Inside, Mayor Ernie Kell watched as the home team fell behind by seven runs even before the local sluggers had a chance to bat. Some of the 350 fans jammed into Cirivello’s Restaurant grew disheartened, but no one lost sight of the boys’ bigger achievement.

“It makes us feel real good about ourselves,” said Kell, whose city plans a parade for the kids on Wednesday. “These kids have done something that elected officials have not been able to do, and that is to make this town feel good about itself. We are very proud.”

To get to the World Series, the Long Beach team won 21 games in a row, never losing a game after it was chosen from among about a dozen junior-level clubs early this summer. The boys beat squads from Pearl City, Hawaii, to Anchorage, Alaska, before qualifying for the eight-team Williamsport tournament by pounding San Ramon Valley, Calif., 11-3, in San Bernardino just over a week ago.

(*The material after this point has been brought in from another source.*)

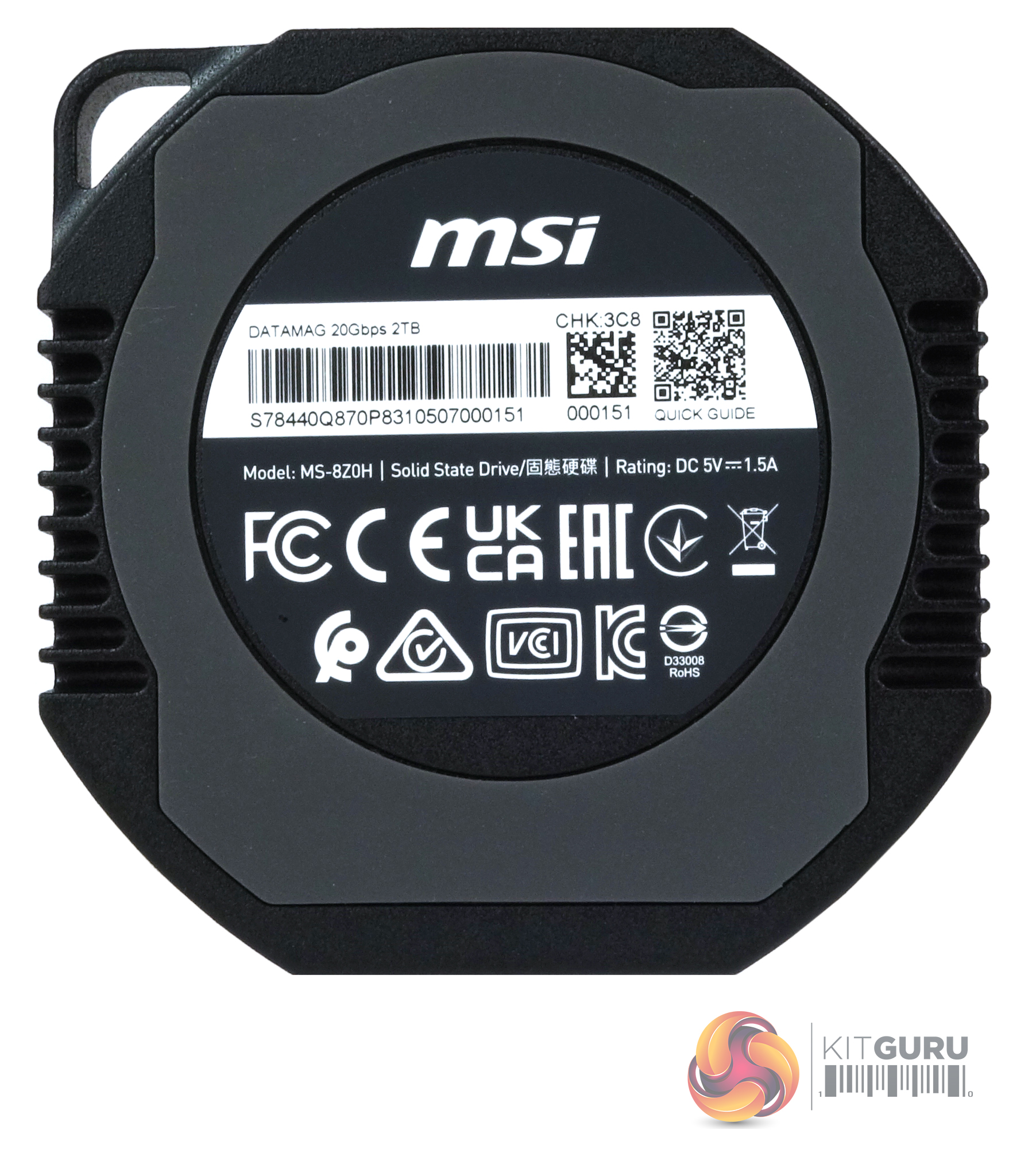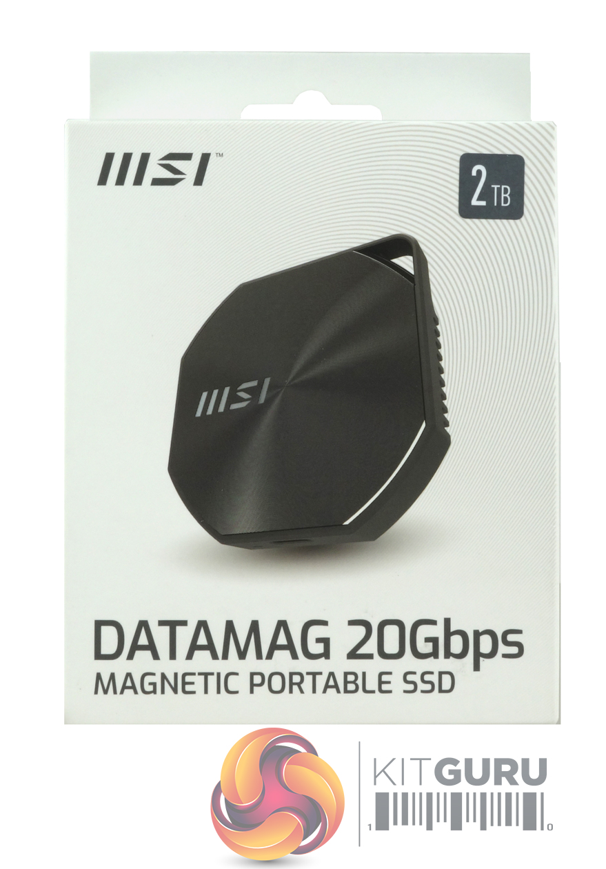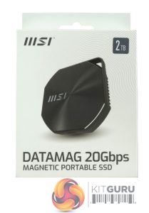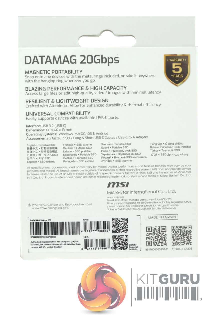 The Datamag 20Gbps comes in a compact box with a large image of the drive on the front. To the top right of the box is a label displaying the drive's capacity. At the top right-hand side of the rear of the box is a logo displaying the five-year warranty that MSI support the drive with. To the left of this is a four-point marketing list of some of the drive's features: portability, performance, design and compatibility. Under this is a four-line specification section, including the OS supported by the drive: Windows, MacOS, iOS and Android. Below is a multilingual description of the drive.

Cirivello’s was the team’s favorite pizza hangout, so it seemed only appropriate that the restaurant would play host to the hundreds of fans too restless to wait for a tape-delayed broadcast of the game. With five satellite dishes and 40 television screens, the restaurant was Little League heaven.

Cirivello’s was also the birthplace to the Long Beach club’s rather odd talisman, which until Saturday seemed to be working some pretty amazing magic. Shaelen Burroughs, the 6-year-old sister of the team’s batting star, Sean Burroughs, won a tiny troll doll in the eatery’s game room during the divisional playoffs.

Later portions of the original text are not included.